Appena dopo l’inizio di The Fire Within, in cui la voce narrante di Werner Herzog introduce Katia e Maurice Krafft, vulcanologi e cineamatori morti tentando di filmare l’eruzione del Monte Unzen in Giappone, si vede la prima serie di riprese legate ai loro viaggi. Non sono riprese loro (che giravano in 16mm), bensì riprese di loro, fatte su nastro in bassa qualità da altri, e mostrano gli ultimi momenti della coppia qualche ora prima che incontrassero la morte. I due prima osservano il vulcano dal punto prescelto dai media giapponesi, per poi sgattaiolare via quando si genera l’idea di avvicinarsi ulteriormente all’eruzione per filmarla meglio.

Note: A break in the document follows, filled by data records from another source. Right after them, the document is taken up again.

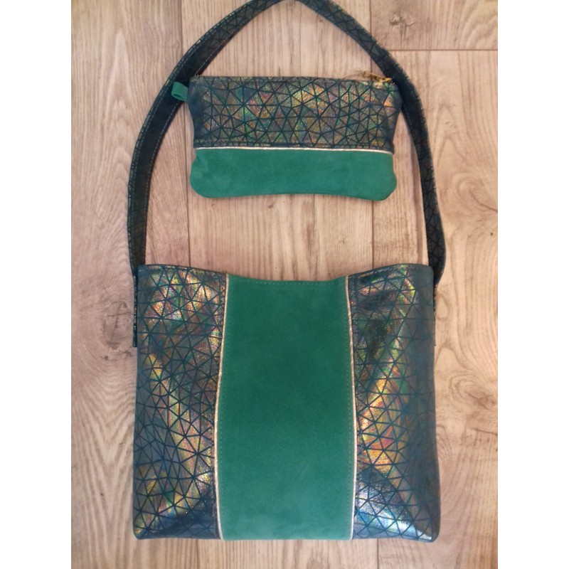 Extérieur en cuir à motifs à reflets brillants impression numérique sur cuir et en nubuck vert.
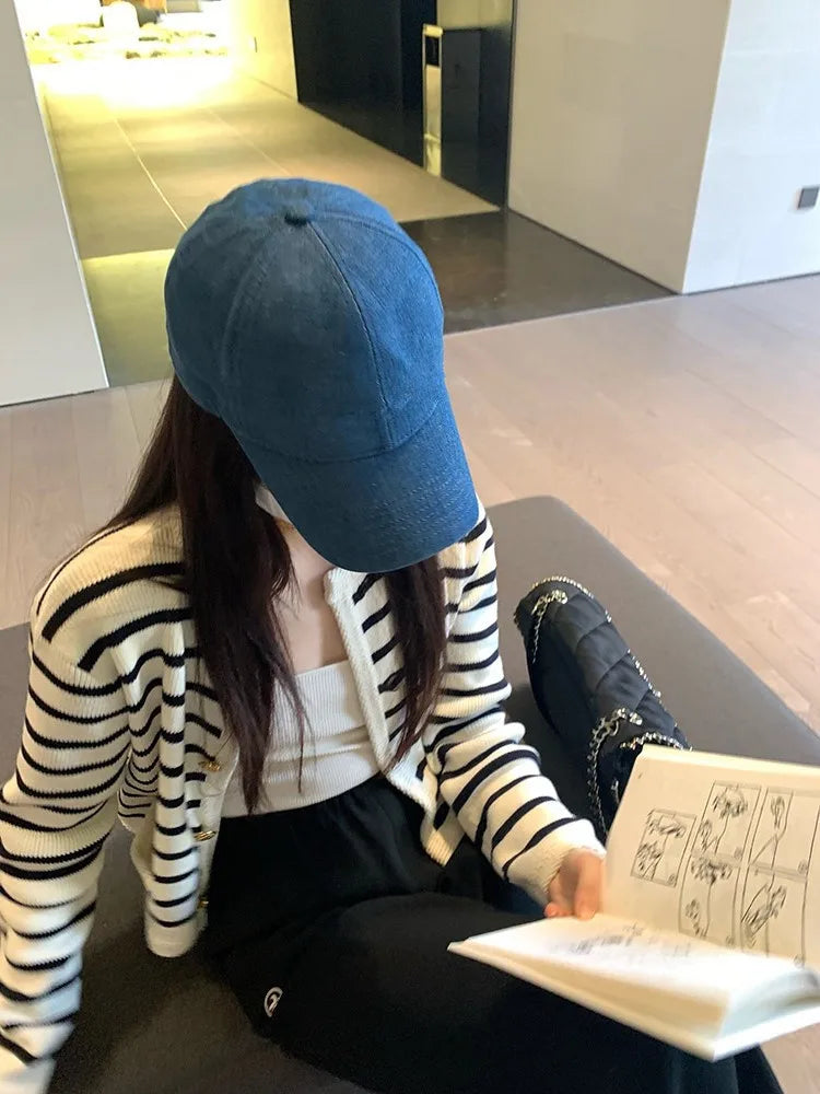 Fashion White Black Striped Knitted Female Winter Short Long Sleeve Cardigan
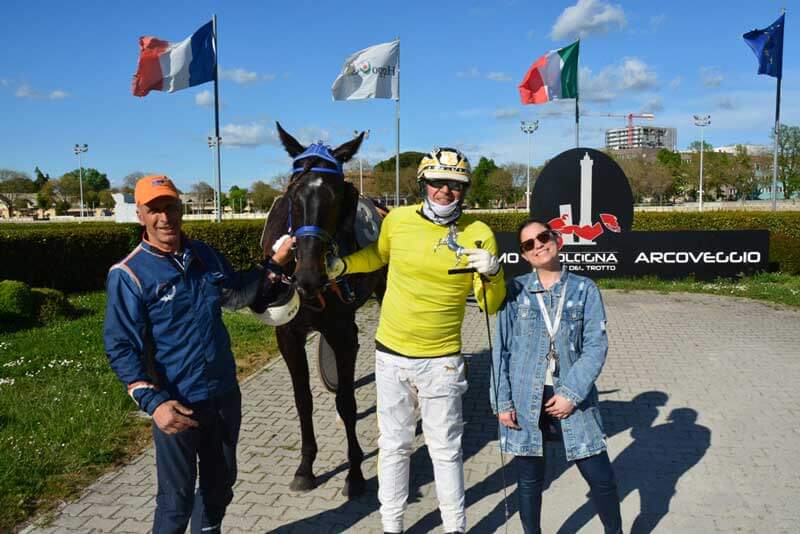 Successivamente il testimone è passato ai tre anni alle prese con la media distanza e la partenza con i nastri, sfida che ha sancito il primo successo con i nuovi colori dei veneti Zanetti di Eva Spritz, che brillantemente guidata da Gianvito D’Ambruoso ha chiuso il percorso in 1.18.6 precedendo Ecar Alor e Elena Selfs. Alla terza, successo per Estia Sl, eccellente prospetto di casa Sarzetto guidata da Carmine Piscuoglio e autrice di un convincente percorso al largo e che in 1.17.2 ha prevalso su Evita Nobel ed Electra Laksmy. Vincitori anche sabato 15 aprile a Treviso, Matteo Zaccherini e Biscuit Del Nord, nel primo confronto riservato ai gentlemen della giornata, hanno concesso brillante replica in Via di Corticella dominando sugli avversari in 1.15.5 dopo aver ottenuto il via libera da Zairon, poi secondo, mentre ad ampio distacco Allegro La Sol ha completato il podio.

Appena dopo, saltando (momentaneamente) il momento fatale con uno stacco, si entra nel mondo delle riprese dei due, e comincia nei fatti un film di riprese d’archivio in cui Herzog è il filo rosso di logica e montaggio tra le immagini catturate dai Krafft nel corso degli anni; ma prima che ciò cominci, tra le inquadrature che mostrano il vulcano Unzen, vediamo una serie di giornalisti giapponesi messi sul ciglio della strada, nel punto in cui i Krafft erano prima di salire, e Herzog commenta che anche chi era lì sarebbe morto a breve. Questo è il momento più agghiacciante e importante di The Fire Within, la messa in campo (e in coscienza, di autore e spettatore) della natura fantasmica del film: le eruzioni vulcaniche e i flussi piroclastici sono creazione e distruzione, meraviglia terrena, divina e aliena, e nelle riprese di Katia e Maurice vediamo persone morte, luoghi morti, l’energia vitale e la forza ancestrale della spinta distruttiva e mortifera delle energie naturali. Il tentativo herzoghiano non è una resurrezione, ma un tributo al fantasma, e allo spirito che ha portato i cineasti martiri al gesto cinematografico del ritratto del vulcano. Come è esplicitato nei primi minuti, The Fire Within non è un’estesa biografia (v. Fire of Love) ma un attestato all’eredità delle loro immagini, del loro immaginario, che dalla natura, dalla realtà, trae un sublime poetico fuori dalla nostra portata o dalla nostra immaginazione. Il commento del regista non è quasi mai scientifico, anche se sempre in ammirazione di quello di cui il nostro mondo è capace – è perlopiù un commento filmico e metafilmico, in cui ai Krafft si riferisce come a dei grandi cineasti, di cui segue il percorso con un fare da critico saggista.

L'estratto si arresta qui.